** PROBLEM **
Scan the entries below for the word "Putnudārzā". Copy out every line in which it occurs.

[Opening GIVEN RECORDS section]

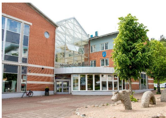
Kommunhuset Forum maj 2018

Förvaltningschef: Liselott Sörensen-Ringi
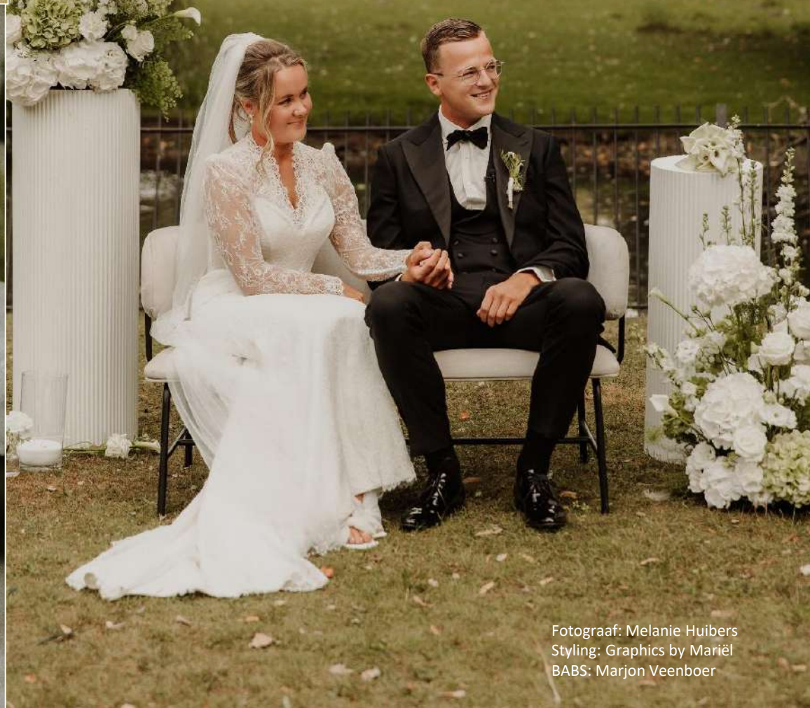
Styling: Graphics by Mariël BABS: Marjon Veenboer
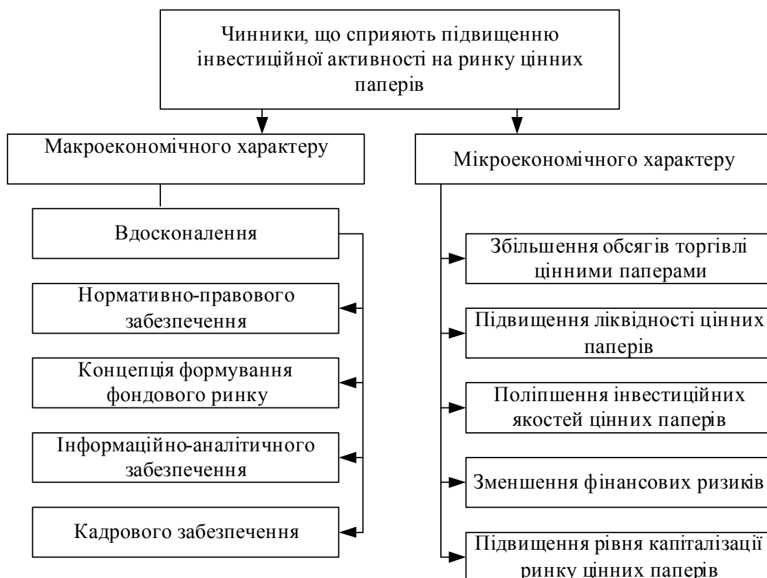
Рис. 1. Структура основних чинників активізації інвестиційної діяльності на ринку цінних паперів

До кризи одним із потужних напрямів зростання ВВП був приплив
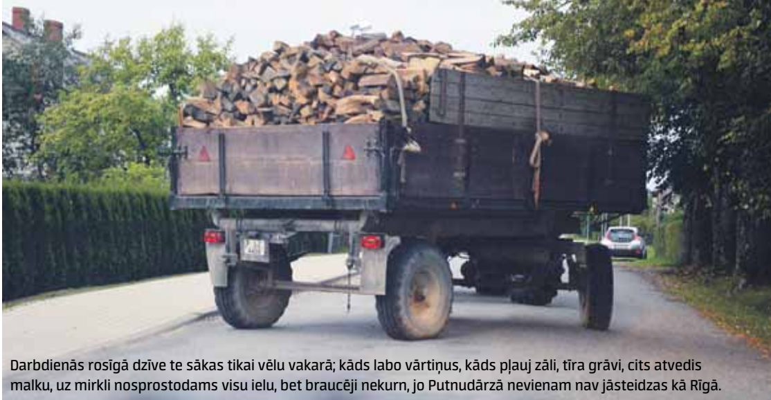
Darbdienās rosīgā dzīve te sākas tikai vēl vakarā; kāds labo vārtnis, kāds pļauj zāli, tīra grāvi, cits atvedis malku, uz mirkli nosprostodams visu ielu, bet braucēji nekurn, jo Putnudārzā nevienam nav jāsteidzas kā Rīgā.

Dzelzceļa iela Putnudārzā savu vārdu noturējusi pie visām varām. Vietējie zina teikt, ka pirmās Latvijas brīvvalsts laikā te domāts būvēt dzelzceļu uz Stendi. Tagad tā ir viena no artērijām, kas ved uz vairākām šķērsielām.
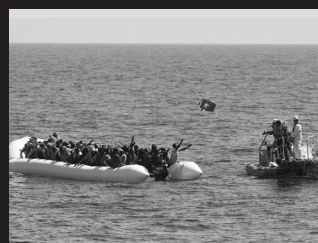
Les migrants ne savent pas nager (France, 2016) Samedi à 15h à l’Auditorium

Ce film bouleverse par son authenticité, mais donne également foi en l’humanité grâce aux nombreux témoignages de bénévoles engagés et révoltés par l’absence de réactions. Leur engagement donne envie de continuer à se battre face aux atrocités dont nous sommes tous spectateurs, mais trop souvent passifs. ■
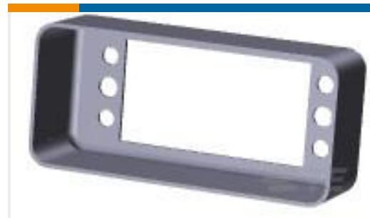
TE 产品编号201350-2 34 PL. PIN HOOD
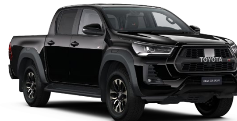
218 Attitude Black Metallic
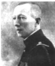
4 Joost van Vollenhoven gouverneur van indochina
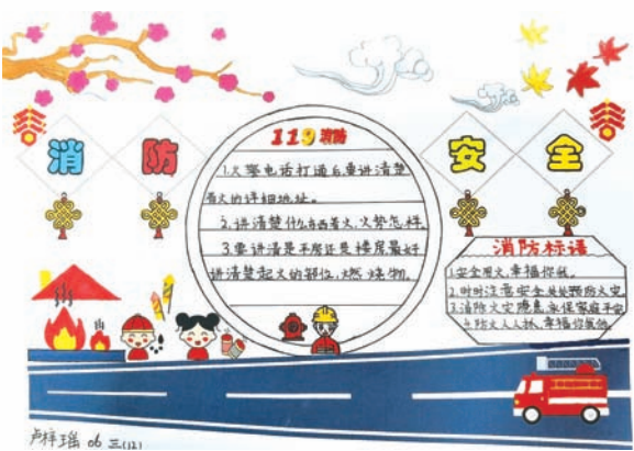
上海市闵行区田园外语实验小学 卢梓瑶 三(12)班 拨打119消防电话应注意：(1)火警电话打通后，要讲清楚着火详细地址；(2)讲清楚什么东西着火，火势怎样；(3)要讲清是平房还是楼房，最好讲清楚起火部位、燃烧物。消防标语：(1)安全用火，幸福你我；(2)时时注意安全，处处预防火灾；(3)消除火灾隐患，永保家庭平安；(4)防火人人抓，幸福你我他。

[Closing GIVEN RECORDS section]

** RESULT **
Darbdienās rosīgā dzīve te sākas tikai vēl vakarā; kāds labo vārtnis, kāds pļauj zāli, tīra grāvi, cits atvedis malku, uz mirkli nosprostodams visu ielu, bet braucēji nekurn, jo Putnudārzā nevienam nav jāsteidzas kā Rīgā.
Dzelzceļa iela Putnudārzā savu vārdu noturējusi pie visām varām. Vietējie zina teikt, ka pirmās Latvijas brīvvalsts laikā te domāts būvēt dzelzceļu uz Stendi. Tagad tā ir viena no artērijām, kas ved uz vairākām šķērsielām.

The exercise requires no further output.